So, here we are. My kitty cat and I have a rigorous schedule of syringe feeding ahead of us, as I keep my hopes up that he'll begin eating normally again. We have a checkup visit at the vets in a week. And I had the joy to see him in front of the water bowl once we got home from the vets. He didn't fight me too much at all when I fed him at 1pm, but he did give me a rather nasty scratch when I took him out from his hiding place under my bed this AM.

Wish him the best.


----------



## pounceonjupiter (Jan 13, 2008)

How horrible - swallowing and needle and having it lodged in the back of her tongue. Gee.

I certainly am really, really, really hoping my boy doesn't have a stone..


----------



## Lyrical13 (Apr 9, 2007)

Stone wasn't that bad, and in my case my cat Boo would have suffered less had the vet listened the first time, instead of waiting 3 days (and $300 dollars later), hooked up on IV, delaying my initial request - xray.

That said, though semi-slow recovery, he has fully recovered. 
Although gallstones being quite rare in cats, they're treatable (obviously, in my experience).

But I do suggest to avoid waiting, as it deteriorates their condition at quite a rapid rate and causes great discomfort. 

Not fighting you for your treatment may well not be a good sign......

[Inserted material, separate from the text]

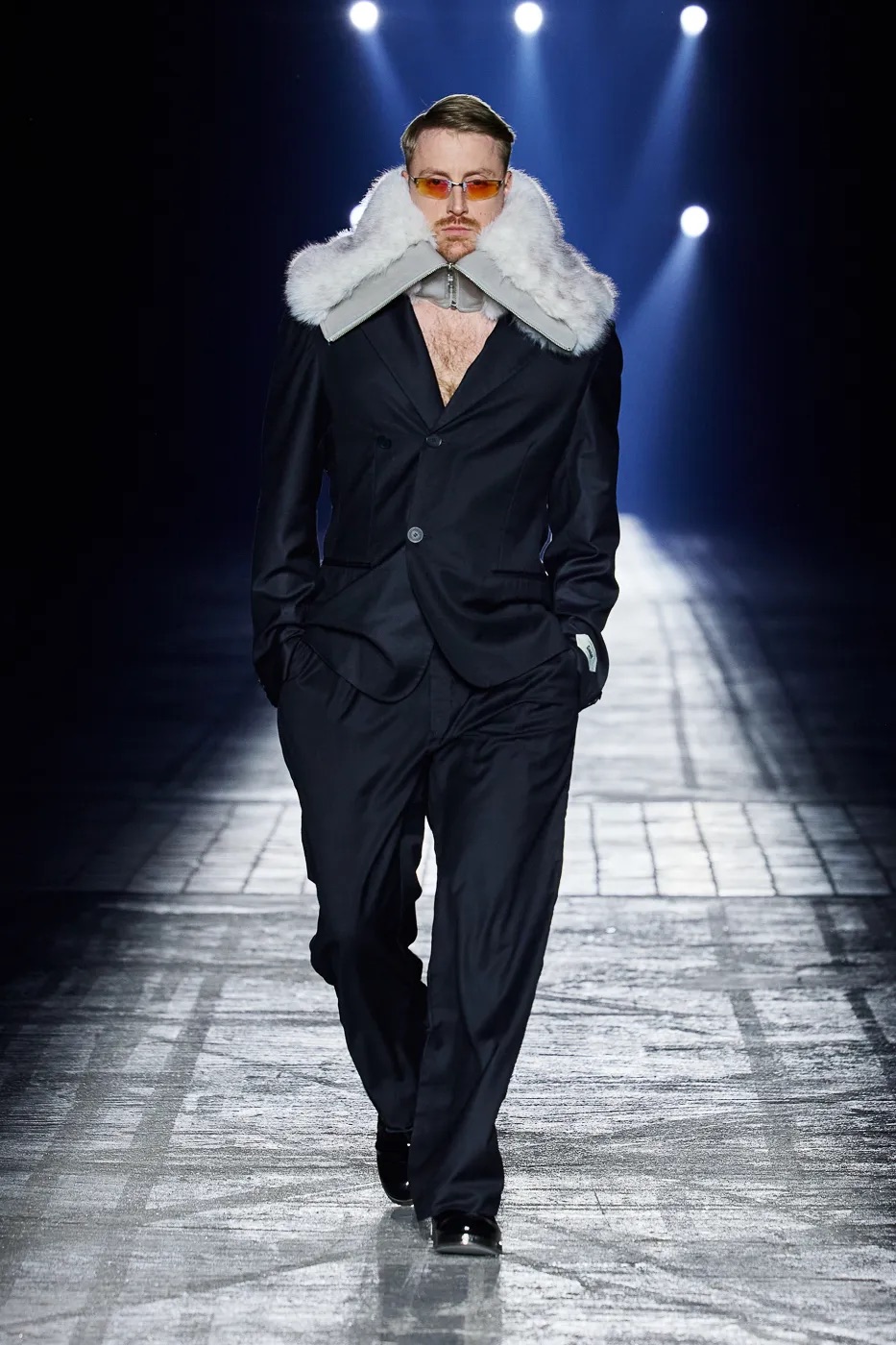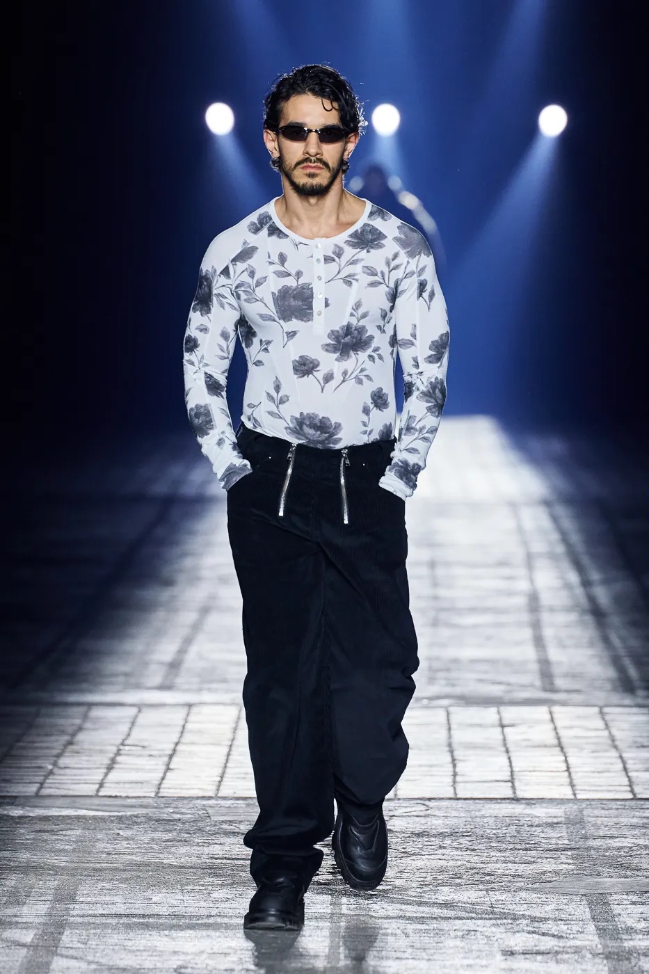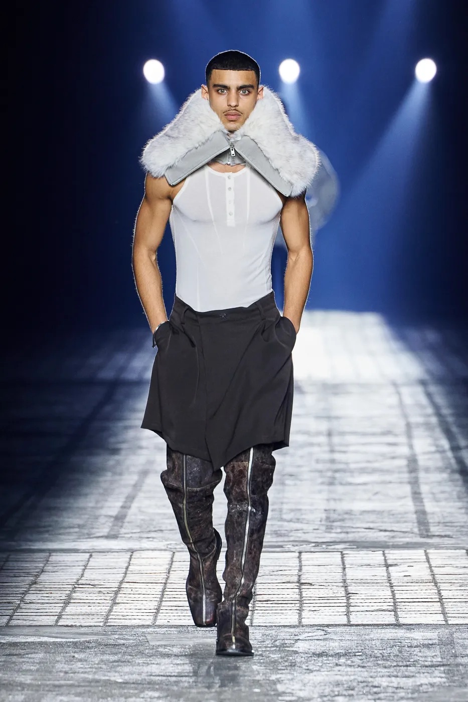 本季延续了 GmbH 始终拒绝沉默的理念,并从柏林的过往中汲取灵感,聚焦于 20 世纪 80 年代初的实验音乐场景。彼时的柏林充满反主流文化和乌托邦式的理想,而今被贪婪和压迫所取代。GmbH 将新系列视为一种反抗,用服装唤起人们对这座城市昔日美好的回忆。整季以黑、灰、米白和冷银色为主色调,硬挺的面料上点缀以花卉印花,蓬松的皮草质感、不对称的廓形设计既彰显空间感,又提供了防护性。超大号连帽衫和皮背心与结构感十足的长裤和宽肩设计相得益彰。

Anyway to work out a payment plan with the vet?


----------



## ~*Regina*~ (Apr 16, 2008)

I really don't understand why you would let your cat wait in pain, that you "hope" it goes away. If the money is an issue ask your friends and family. 
I'm sorry if I'm being really blunt but I hate it when I see people that have animals but they can't afford the vet care when it's needed.


----------



## Stryker (Apr 2, 2007)

*pounceonjupiter*-
I was away all day - just now catching up on things.

First, I'm so glad you were able to get to the Vet.

I'm confused about one thing - that's in your last post before mine. Do you mean she swallowed a needle - and that's why she couldn't eat?

It will be really important - and I know you know this - to get some food into her every few hours - and, lots of water.

Please post and let us know how she (and you) are doing.


----------



## BoscosMum (Apr 29, 2004)

I am happy you got your cat into the vet.

Dont feel bad about the $$$....
We have alot of animals and we love all of them dearly,
currently with our finances I would be so scared if something
serious happened to any of them. We are BROKE!

If only rich people had pets......the shelters would be 
over double as crowded as they are right now. I believe that!


Anyways......when my cat Spaz was hacking....I brought in a 
stool sample, and lucky for us ut was an easy fix. 
He had gotten tapeworms.


----------



## Smirkitty (Apr 19, 2008)

Stryker said:


> I'm confused about one thing - that's in your last post before mine. Do you mean she swallowed a needle - and that's why she couldn't eat?


No, he was remarking on someone else's post, Lyrical13 said her cat had swallowed a needle and thread.


----------



## ~*Regina*~ (Apr 16, 2008)

Smirkitty said:


> Stryker said:
> 
> 
> > I'm confused about one thing - that's in your last post before mine. Do you mean she swallowed a needle - and that's why she couldn't eat?
> ...


O, My bad....Sorry!
I thought the cat swollowed a needle.

How is your kitty doing today?


----------



## greenighs (May 1, 2008)

~*Regina*~ said:


> I really don't understand why you would let your cat wait in pain, that you "hope" it goes away. If the money is an issue ask your friends and family.
> I'm sorry if I'm being really blunt but I hate it when I see people that have animals but they can't afford the vet care when it's needed.


People sometimes find themselves in difficult straits. I'm happy that you apparently haven't had this experience. Pray that you remain so blessed.


----------



## pounceonjupiter (Jan 13, 2008)

> ~*Regina*~ said:
> 
> 
> > I really don't understand why you would let your cat wait in pain, that you "hope" it goes away. If the money is an issue ask your friends and family.
> ...


Thank you, greenighs for saying that. I really appreciate it.. seeing a pointless guilt-inducing message like hers is not at all conducive to me or him. I'm upset that I couldn't have taken him in at the first sign of his behavior being off - His liver read out wouldn't have been so high and recovery may not take so long as it will now. There's nothing I can do to change that - I am doing everything I can for him now.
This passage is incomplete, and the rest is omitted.